HOW TO COMPLETE THIS TASK: Only the lines in the entries below from the line with "大本堂前の特設舞台では奉納演" to the line with "Gemeinsam mit den", both included, belong in the answer, transcribed exactly and without pictures.

RECORDS PROVIDED:
========================

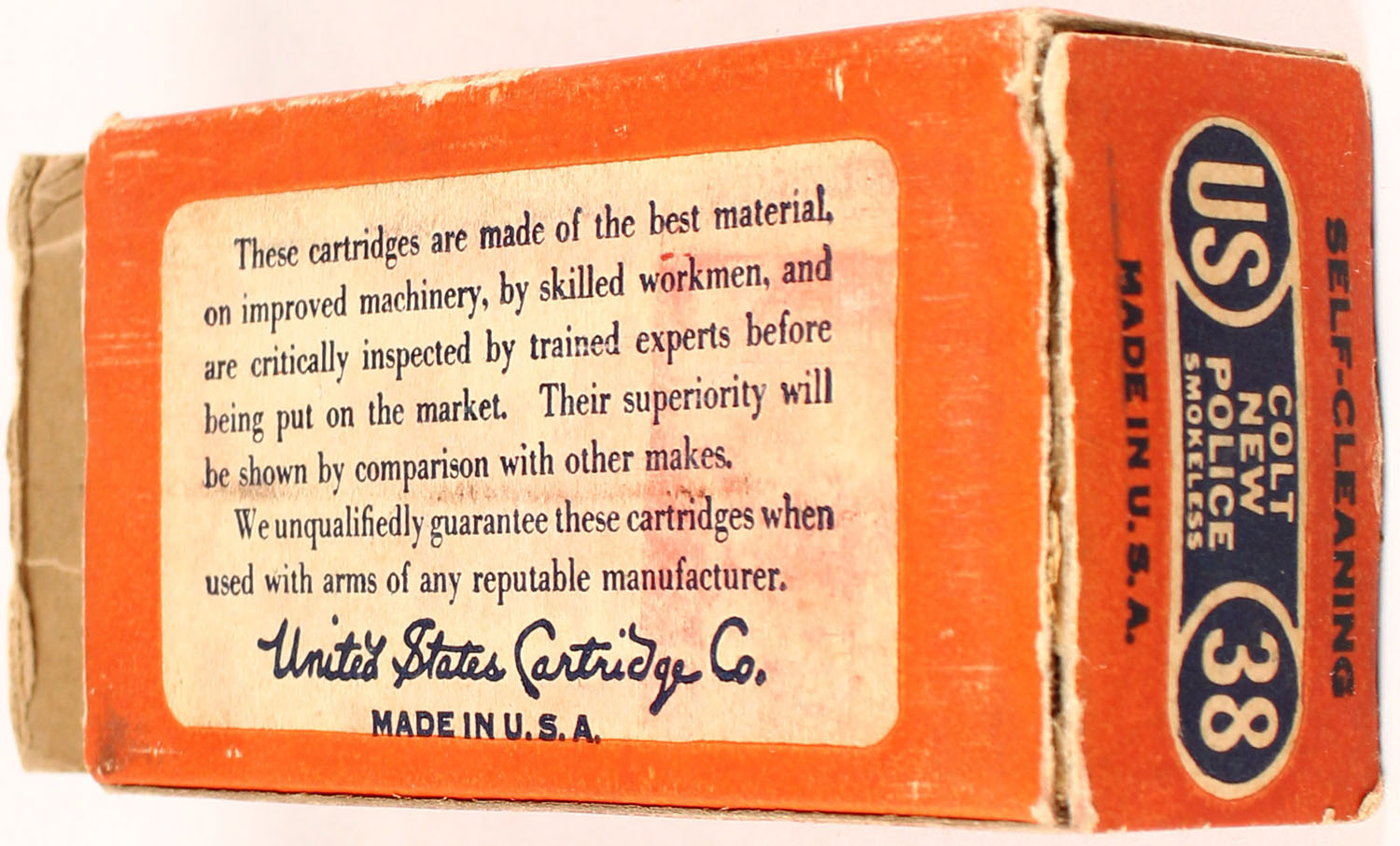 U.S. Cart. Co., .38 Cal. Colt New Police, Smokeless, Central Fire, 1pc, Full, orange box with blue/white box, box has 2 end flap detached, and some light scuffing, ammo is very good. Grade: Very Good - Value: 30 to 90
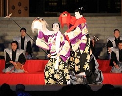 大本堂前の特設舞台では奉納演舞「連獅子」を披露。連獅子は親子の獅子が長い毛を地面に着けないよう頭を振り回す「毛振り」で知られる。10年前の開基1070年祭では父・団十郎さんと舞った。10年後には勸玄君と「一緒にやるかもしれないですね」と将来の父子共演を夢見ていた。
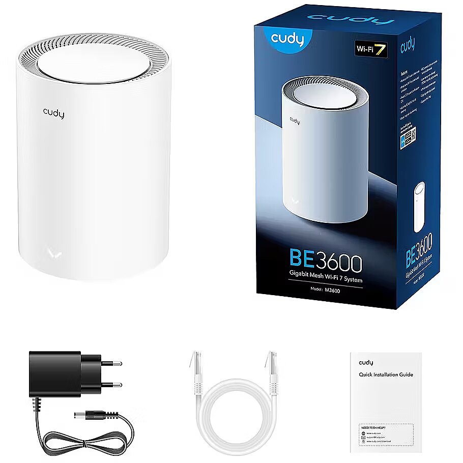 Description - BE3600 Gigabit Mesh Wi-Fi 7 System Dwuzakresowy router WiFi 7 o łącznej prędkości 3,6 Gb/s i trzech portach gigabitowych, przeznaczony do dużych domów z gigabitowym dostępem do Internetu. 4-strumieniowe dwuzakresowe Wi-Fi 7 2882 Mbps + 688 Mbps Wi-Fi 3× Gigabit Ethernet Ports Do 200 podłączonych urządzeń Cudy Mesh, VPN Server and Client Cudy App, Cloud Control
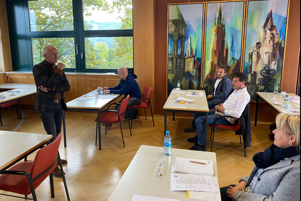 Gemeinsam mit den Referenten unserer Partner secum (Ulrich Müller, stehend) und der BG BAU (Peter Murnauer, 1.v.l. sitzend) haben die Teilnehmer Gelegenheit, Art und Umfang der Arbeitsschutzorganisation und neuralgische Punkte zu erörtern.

========================

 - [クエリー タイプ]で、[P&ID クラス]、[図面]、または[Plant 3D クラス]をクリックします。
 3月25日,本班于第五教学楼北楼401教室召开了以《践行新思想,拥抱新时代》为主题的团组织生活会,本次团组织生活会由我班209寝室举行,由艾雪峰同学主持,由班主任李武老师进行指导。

========================

REPLY TO THE TASK:
 大本堂前の特設舞台では奉納演舞「連獅子」を披露。連獅子は親子の獅子が長い毛を地面に着けないよう頭を振り回す「毛振り」で知られる。10年前の開基1070年祭では父・団十郎さんと舞った。10年後には勸玄君と「一緒にやるかもしれないですね」と将来の父子共演を夢見ていた。
 Description - BE3600 Gigabit Mesh Wi-Fi 7 System Dwuzakresowy router WiFi 7 o łącznej prędkości 3,6 Gb/s i trzech portach gigabitowych, przeznaczony do dużych domów z gigabitowym dostępem do Internetu. 4-strumieniowe dwuzakresowe Wi-Fi 7 2882 Mbps + 688 Mbps Wi-Fi 3× Gigabit Ethernet Ports Do 200 podłączonych urządzeń Cudy Mesh, VPN Server and Client Cudy App, Cloud Control
 Gemeinsam mit den Referenten unserer Partner secum (Ulrich Müller, stehend) und der BG BAU (Peter Murnauer, 1.v.l. sitzend) haben die Teilnehmer Gelegenheit, Art und Umfang der Arbeitsschutzorganisation und neuralgische Punkte zu erörtern.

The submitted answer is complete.